[[ RECORDS FOR THE TASK, beginning ]]
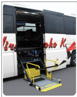
■中央スイングドアからの昇降

ガーラならではの優雅な空間で、車いすのお客様にも ゆったりとした旅を楽しんでいただけます。
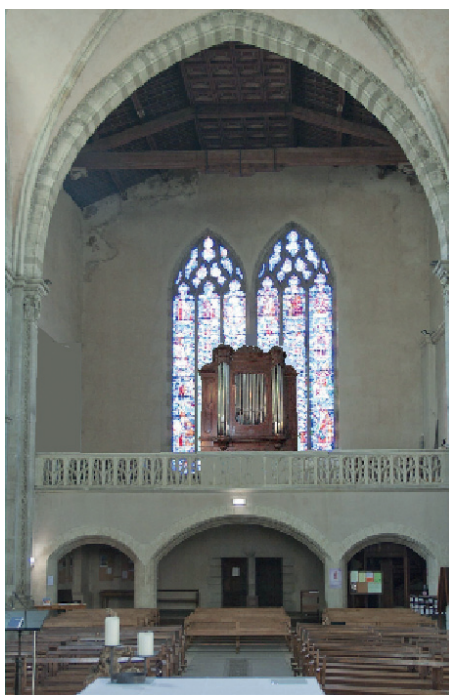
Fig. 3 – Un des projets de positionnement, en discussion

puis finalement récusé sur des arguments esthétiques, historiques et liturgiques. Après restauration l'orgue restera donc sur la tribune. Nous souhaitons une position au centre face à la nef, actuellement discutée puisque masquant en partie le vitrail de Louis-Barthélemy Olivier Mazetier, L'arbre de Jessé 20 .
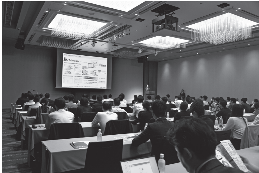
会場には約120名の業界関係者が集結。BVSystemシリーズの最新動向に耳を傾けた

予約情報、見積情報、精算、売上・売掛、手配などを担う基幹システム「BVManager」と、営業情報、見込顧客、予算管理などを担う「BVSales」
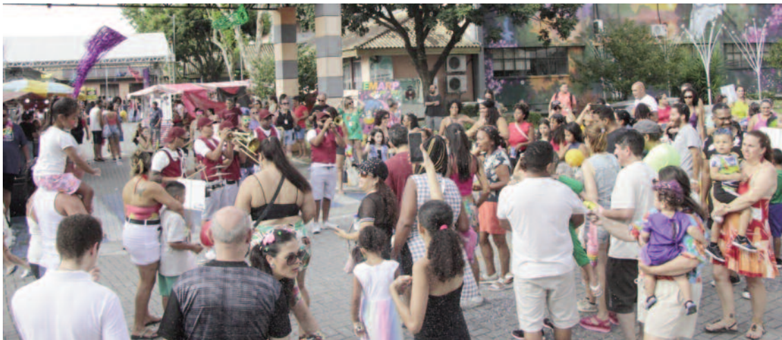
Folia marcou o início das festividades de Carnaval na Estância no último domingo (23)

Carnaval da Família reúne cerca de 4 mil pessoas
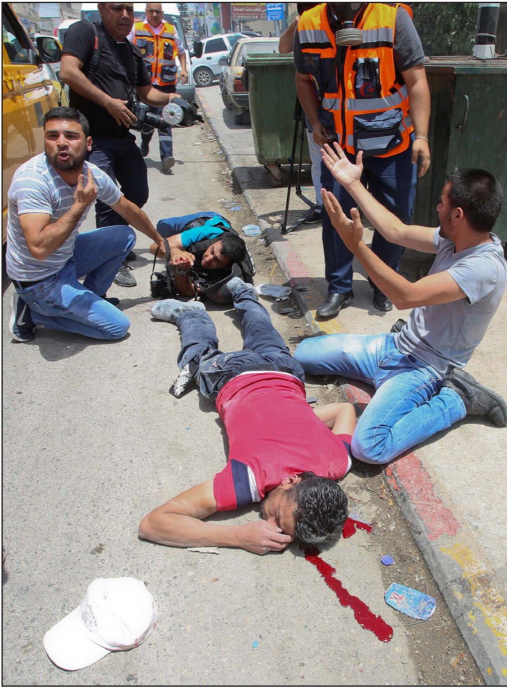
صحافي فلسطيني ينزف بعد أن أصابه مستوطن برصاصة في جنوب نابلس أمس

وأضاف «نخشى سقوط شهداء في صفوف الأسرى الذين انهارت صحتهم بشكل كبير جدا وأن حكومة إسرائيل بإجراءاتها العنصرية والقمعية بحقهم واستمرار مواقفها المتطرفة أدت إلى هذا التدهور المتسارع على صفة عدد كبير من الأسرى»، واعتبر أن ما يجري حاليا هو بمثابة سباق مع الزمن، حيث أن الأوضاع لم تعد تحتفل لدى الشعب
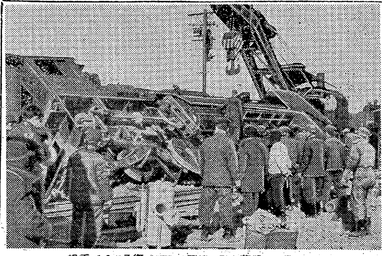
換重車による復旧作業。

脱線転覆した下り貨物九九九列車。普通貨物で、植田駅は無停車のたは新小岩発長崎行き四十四両編成の約四十七メートルのロットで十時五十分
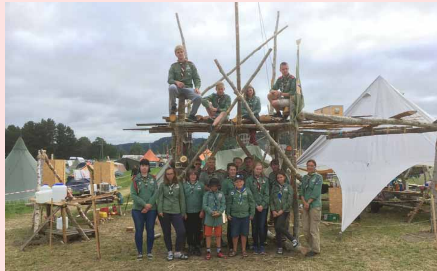
Det er stas for våre lokale speidere at årets landsleir blir på Vind. Her ser vi speidere fra Gjøvik, Lillehammer og Hadeland på landsleir på Stjørdal i 2018.
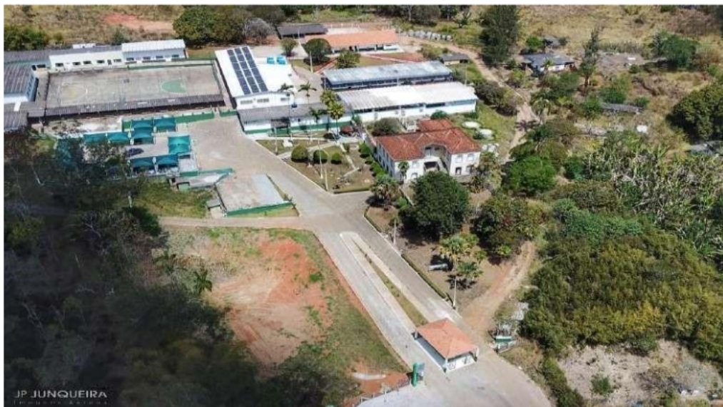
Figura 09 – Vista aérea do Campus Avançado Carmo de Minas
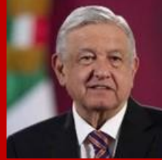
Andrés Manuel López Obrador Presidente de la República
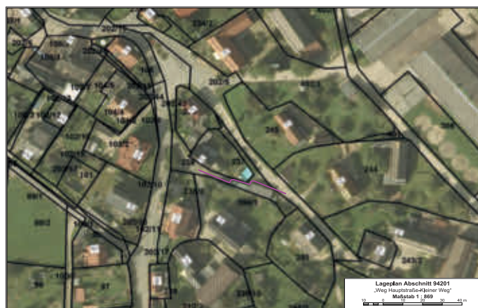
Lageplan Abschnitt 94201 „Weg Hauptstraße-Kleiner Weg“

Der Haushaltsplan für das Haushaltsjahr 2025/2026, der die für die Erfüllung der Aufgaben der Gemeinde voraussichtlich anfallenden Erträge und entstehenden Aufwendungen sowie eingehenden Einzahlungen und zu leistenden Auszahlungen enthält, wird:
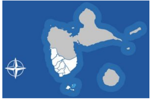
Situation de Terre de Haut
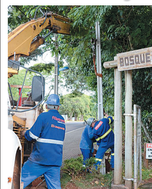
ASS. SANTA TEREZINHA

Vinte quatro postes com luminárias especiais estão sendo instalados no entorno do Bosque dos Pioneiros, em Santa Terezinha de Itaipu. Uma das finalidades é melhorar a segurança no local, principalmente aos que trafegam pela região à noite. Cidades B5
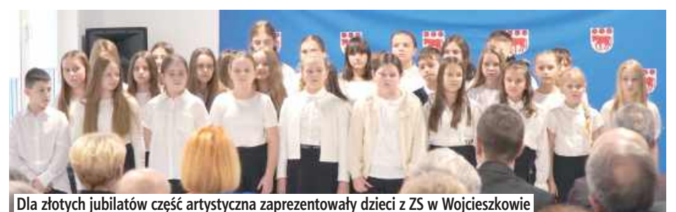
Dla złotych jubilatów część artystyczna zaprezentowały dzieci z ZS w Wojcieszkwie
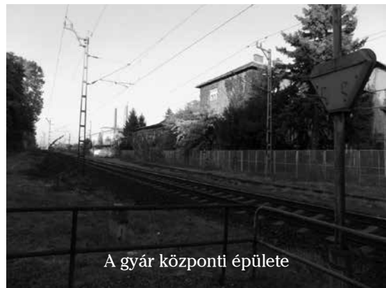
A gyár központi épülete

elhordták! Se híre, se hamva egyiknek sem!
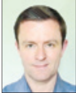
اندی هلندر گاردین

برد پر گل مقابل نیوکاسل زده شد.منتها سرمربی قرمزپوشان بادبیات خاص خوداز حق تیمش دفاع کرده‌است.پوپرگن کلوپ ادعای پی‌رارد کرده و معتقد است لیگ برتر بدون رقابت این دو تیم کسل‌کننده خواهدبود.به عقیده کلوپ، صحبت‌های پپ یک واقعیت مهم را نشان می‌دهد، تنش و فشار ناشی از جنگ قهرمانی: «فکر کنید سیتی و لیورپول تا این اندازه به هم نزدیک نبودند و برای قهرمانی نمی‌جنگیدند، آن وقت مصاحبه‌های قبل و بعد از مسابقه کسانالتی و می‌شدند. هر رقابتی حساسیت‌های خودش را دارد و واکنش پپ کاملاً طبیعی بود. همه ما فشار ناشی از حساسیت بازی‌ها حس می‌کنیم.» کلوپ معتقد است گوار دیولا نباید قبل از کنترل اعصابش مقابل دو ربین‌ها می‌نشست و صحبت می‌کرد: «قبل از اینکه به احساس تان غلبه کنید با ۲۰ دوربین مواجه می‌شوید، بلائی که سر پپ آمد حذف سیتی از لیگ قهرمانان برای آنها خیلی سخت بودو به‌عنوان مربی این شرایط را درک می‌کنم.» دو تیم بالاشین فوتبال جزیره هنوز برای تصاحب جام قهرمانی باهم در رقابت تنگناگت هستند، منتها تساوی لیورپول با تاتنهام کمی اختلاف امتیازات دو تیم را افزایش داده است. کوتاه‌نایم‌دن و ادامه دادن به این رقابت نقطه مشترک هر دو تیم است.
[[ RECORDS FOR THE TASK, end ]]
▶ [TASK DIRECTIONS]
In the records above, transcribe exactly the lines from the one containing "A gyár központi épülete" through the last line, both included, and skip the pictures.

▶ [RESPONSE AREA]
A gyár központi épülete

elhordták! Se híre, se hamva egyiknek sem!
اندی هلندر گاردین

برد پر گل مقابل نیوکاسل زده شد.منتها سرمربی قرمزپوشان بادبیات خاص خوداز حق تیمش دفاع کرده‌است.پوپرگن کلوپ ادعای پی‌رارد کرده و معتقد است لیگ برتر بدون رقابت این دو تیم کسل‌کننده خواهدبود.به عقیده کلوپ، صحبت‌های پپ یک واقعیت مهم را نشان می‌دهد، تنش و فشار ناشی از جنگ قهرمانی: «فکر کنید سیتی و لیورپول تا این اندازه به هم نزدیک نبودند و برای قهرمانی نمی‌جنگیدند، آن وقت مصاحبه‌های قبل و بعد از مسابقه کسانالتی و می‌شدند. هر رقابتی حساسیت‌های خودش را دارد و واکنش پپ کاملاً طبیعی بود. همه ما فشار ناشی از حساسیت بازی‌ها حس می‌کنیم.» کلوپ معتقد است گوار دیولا نباید قبل از کنترل اعصابش مقابل دو ربین‌ها می‌نشست و صحبت می‌کرد: «قبل از اینکه به احساس تان غلبه کنید با ۲۰ دوربین مواجه می‌شوید، بلائی که سر پپ آمد حذف سیتی از لیگ قهرمانان برای آنها خیلی سخت بودو به‌عنوان مربی این شرایط را درک می‌کنم.» دو تیم بالاشین فوتبال جزیره هنوز برای تصاحب جام قهرمانی باهم در رقابت تنگناگت هستند، منتها تساوی لیورپول با تاتنهام کمی اختلاف امتیازات دو تیم را افزایش داده است. کوتاه‌نایم‌دن و ادامه دادن به این رقابت نقطه مشترک هر دو تیم است.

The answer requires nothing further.